Now for the Amish comments. Sorry to say, but there are many Amish, along with many Irish, African, Polish, Asian, German, etc., etc., that keep fish too small to even get a filet from. However, I feel obligated to those Amish with whom I fish occasionally to go on record as saying that not all Amish are this way. Some of the most dedicated catch-and-release anglers in some of the smaller Walleye clubs are Amish. FYI, there was an all Amish, catch-and-release Crappie Tournament held on ponds near Millersburg this past season. Hopefully these anglers can set an example for their friends and families that will increase the awareness for the need to conserve our valuable resources. Just as with anything else, a few can give the rest a bad name.


----------



## beatsworkin (Apr 12, 2004)

Corey-

Thanks for yet another great post, especially the last paragraph.


----------



## rockbass (Apr 16, 2004)

I am not totally against the Amish.
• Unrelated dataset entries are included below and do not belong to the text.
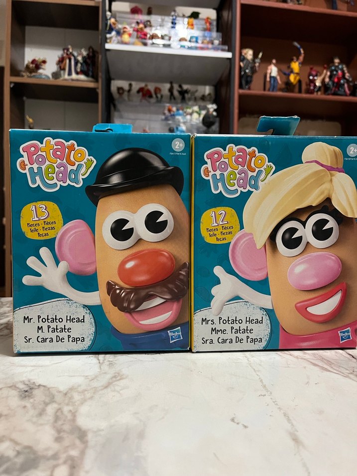 Pastel renklerde Mr. ve Mrs. Potato Head oyuncakları, değiştirilebilir yüz parçalarıyla birlikte geliyor. Mr. Potato Head 13, Mrs. Potato Head ise 12 yüz parçasına sahip.
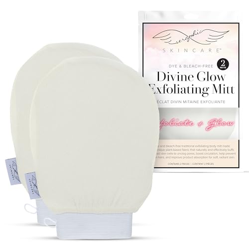 Seraphic Skincare Divine Glow Exfoliating Mitt (2pcs) – 100%, Dye-Free, Bleach-Free Vegan Viscose Korean Exfoliating Glove – Body Exfoliator for Self-Tan Removal & Keratosis Pilaris
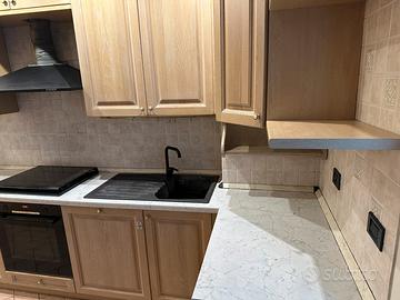 Cucina in frassino decappato corda, con frigorifero, congelatore, forno, lavastoviglie misura 420 cm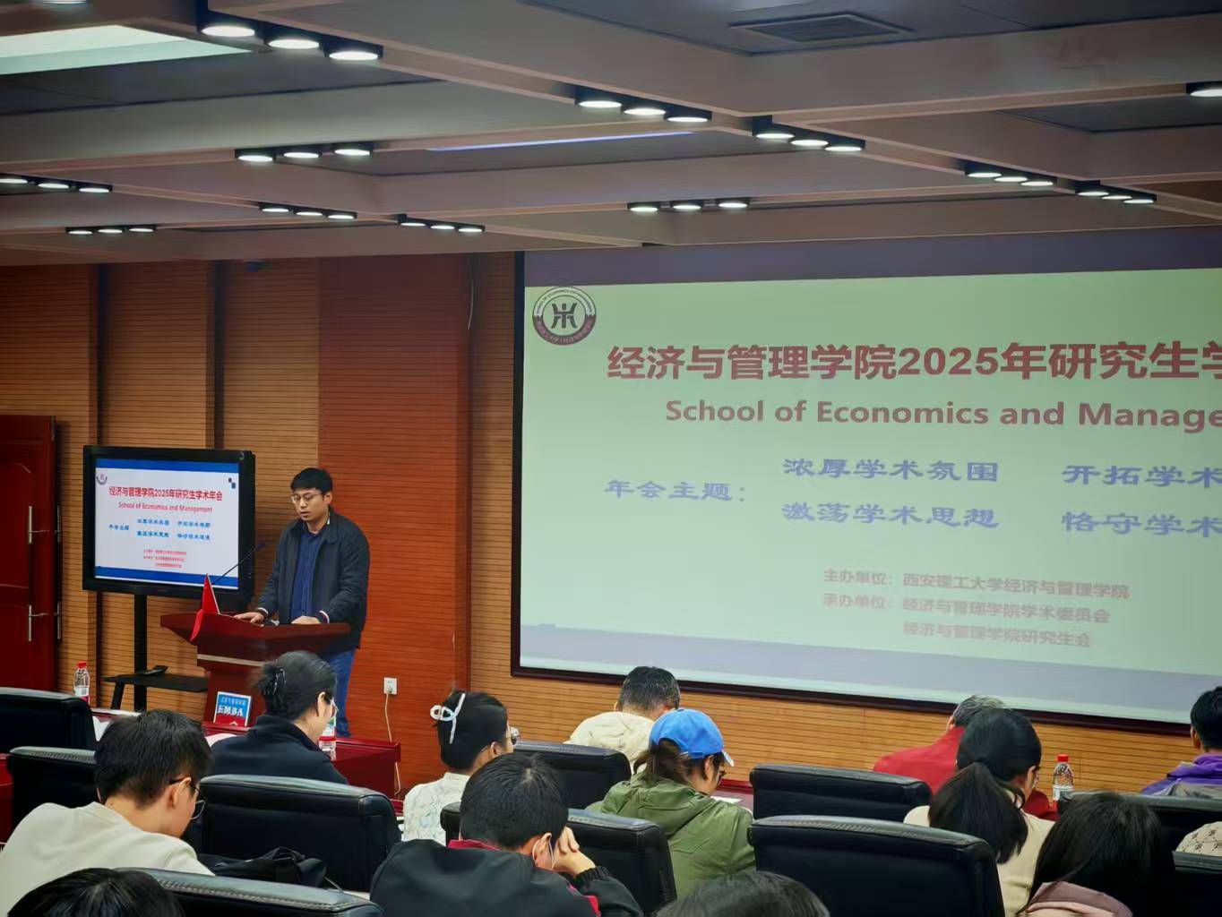 2025年11月7日下午,伟德官方网站2025年研究生学术年会——bevictor伟德分会开幕式在曲江校区教11楼EMBA报告厅召开。研究生院副经理田原晖、bevictor伟德副经理赵璟、工商管理学学科带头人扈文秀、应用经济学学科带头人薛伟贤,学术年会各组组长及公司各系主任出席了本次开幕式。西安交通大学江旭教授作为特邀嘉宾出席了本次开幕式。本次年会以“浓厚学术氛围、开拓学术视野、激荡学术思想、恪守学术道德”为主题,旨在激发研究生创新思维,提升学术研究素养。会议由赵璟主持。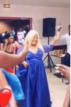 レビュー: イブニングドレス Vネック ボールガウンライン ロイヤルブルー パーティードレス サテン ファスナー トレーン付き 七分袖 30cm フォーマルドレス 演奏会ドレス 結婚式 二次会ドレス 発表会 レース ウェディング
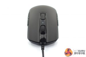 The front of the mouse houses the textured rubber scroll wheel as well as a single DPI button, with an LED indicator accompanying it. The primary buttons form part of the mouse's main shell – meaning they are not separate/split trigger buttons.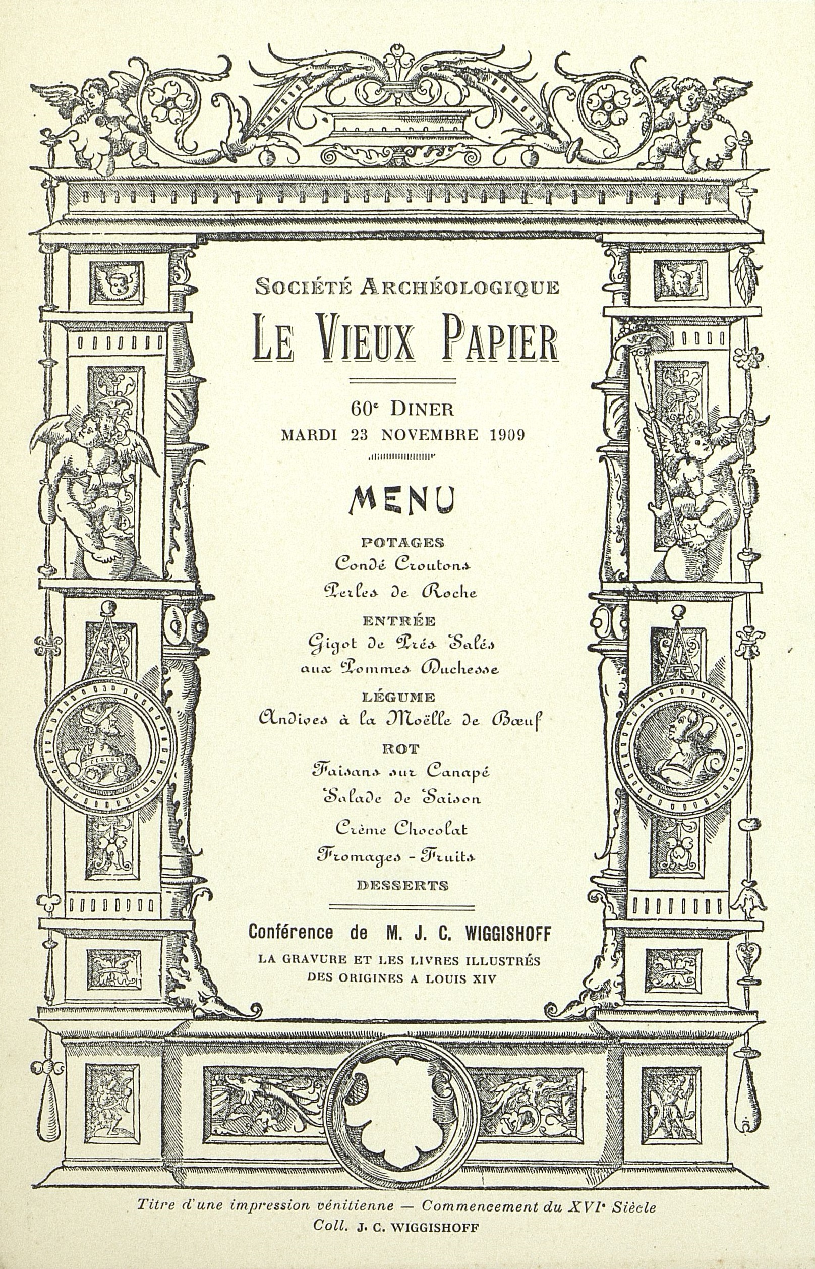 60e Dîner de la Société, Historique et Artistique Le Vieux Papier avec pour thème : La Gravure et les livres illustrés des origines à Louis XIV. Impression vénitienne.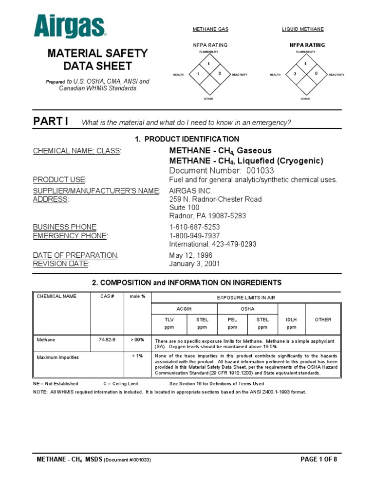 CHEMICAL NAME CAS # mole % EXPOSURE LIMITS IN AIR ACGIH OSHA TLV STEL PEL STEL IDLH OTHER ppm ppm ppm ppm ppm Methane 74-82-8 > 99% There are no specific exposure limits for Methane. Methane METHANE GAS LIQUID METHANE. METHANE - CH 4 MSDS (Document # 001033) PAGE 2 OF 8 3. ... Retrieve Here

I just see mostly Amish overloading the boats and keeping small fish. I also see others, but the bigger groups are Amish. I know they are not all that way! I also know of some Amish who hunt deer all year round. Pretty sad. They get away with it as do other poachers.


----------



## cheezemm2 (Apr 7, 2004)

I too, understand the fact that not all Amish are this way...I've worked with many respectable Amish people...unfortunately though...the ones that will stick out in your mind are the ones taking all the fish they can and being illegal on the water...it's kind of sad because it creates a stereotype and it's scary because of the little ones that will be onboard w/o enough lifevests...


----------



## sauguy (Apr 8, 2004)

i have read your posts on saugeyes on atwood and piedmont. do the same methods and patterns hold true on clendening. i pick them up here and there with no set pattern. i fish the dam area mostly and the water is mostly in the twenty plus foot range. should i fish the other end where there is shallower water at this time of year? will be on clendening the last two weeks of sept. any suggestions would be help full. thanks


----------



## Hatchetman (Apr 13, 2004)

Excellent post Corey. It seem's to me that a whole lot of people that post here would swallow their tonsil's if they had any idea of the amount of VERY large saugeye that swim in Clendenning, Tappan, and Piedmont, not to mention the 10's of thousand's of smaller ones!! 
I for one don't like to see anyone try to impose their size limit's on any particular fish on someone else. I could care less if a person who bought a fishing license keep's 6 saugeye that are 10 in. long. That's the limit, 6, the stae does not have a size limit do to it being basically a put and take type fishery. I personally use a 15 to 22in. slot for myself and could care less what someone else does as long as it's not over 6 saugeye. No matter what you think of the Ohio Division of Wildlife, there job is to make us as happy as they can, not miserable. The're people know a little more about the fishery's than the vast majority of us do and to a man they will tell you keeping a limit, no matter the size does not hurt. Jim is right in questioning the amount of fish that Piedmont in particular will support. Each acre of water will support x pound's of fish, wether that weight is 10 big fish or 200 little ones.
If you guy's see all these violation's, to many fish, not enough life vests, hunting deer year round, people cheating in tourny's, how many have made a phone call to correct the problem? If you know it's happening and do nothing, you are just as guilty as they are.
That's it, I don't post often but Jim know's who I am and will vouch that I know a little bit about saugeye fishing.....


----------



## Corey (Apr 5, 2004)

I'd say you know a tad more than your share H-Man! Lol. When are we gonna get out on Piedmont together?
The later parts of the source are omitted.